++++ Given information

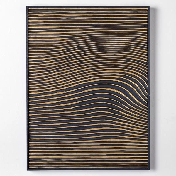 Looking for a way to bring the outdoors into your decor style? Adorn your walls with natural elements for a more rustic vibe. Illusions I is a carved wood panel with hand-applied gold paint accents. Set in a low-profile wood frame, this piece is a standout that will set the tone for your space when paired with the second in the series.
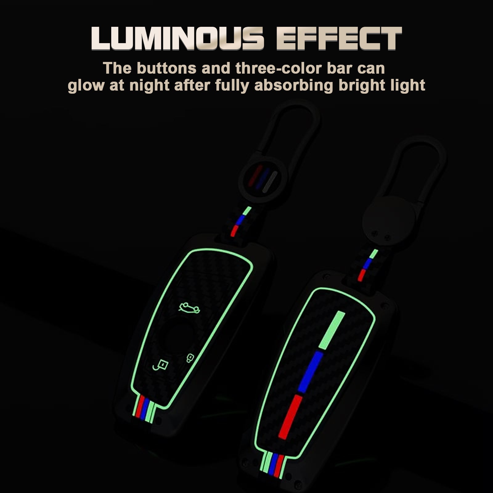 Luminous Design: The silicone cover glows in the dark after it has absorbed enough light—sunlight works well. The keychain hook has an arc-shaped design that lets you clip it to your belt without snagging on clothing. Its quick-release spring mechanism can be pressed thousands of times without breaking. Note: this case blocks access to the emergency key; if that's an issue, please choose another product
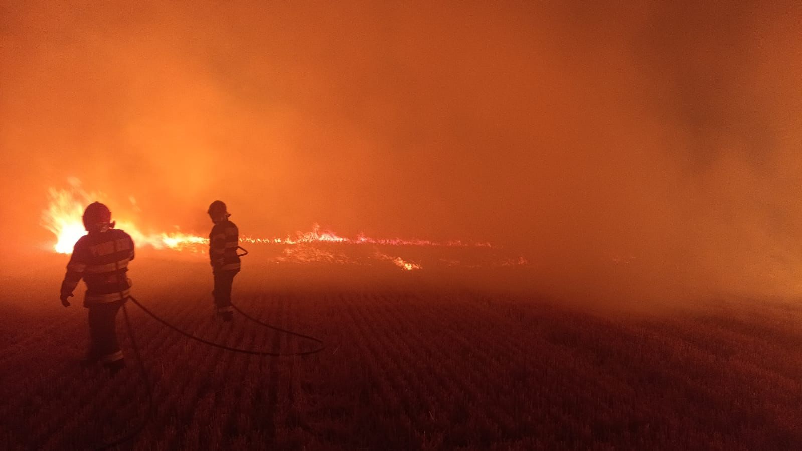 Au ars aproximativ 400 de hectare de miriște și vegetație uscată și 600 baloți de paie.

++++++++

» **To do**: No image belongs in the copy. Transcribe the full listing verbatim.

» **Output**:
 Looking for a way to bring the outdoors into your decor style? Adorn your walls with natural elements for a more rustic vibe. Illusions I is a carved wood panel with hand-applied gold paint accents. Set in a low-profile wood frame, this piece is a standout that will set the tone for your space when paired with the second in the series.
 Luminous Design: The silicone cover glows in the dark after it has absorbed enough light—sunlight works well. The keychain hook has an arc-shaped design that lets you clip it to your belt without snagging on clothing. Its quick-release spring mechanism can be pressed thousands of times without breaking. Note: this case blocks access to the emergency key; if that's an issue, please choose another product
 Au ars aproximativ 400 de hectare de miriște și vegetație uscată și 600 baloți de paie.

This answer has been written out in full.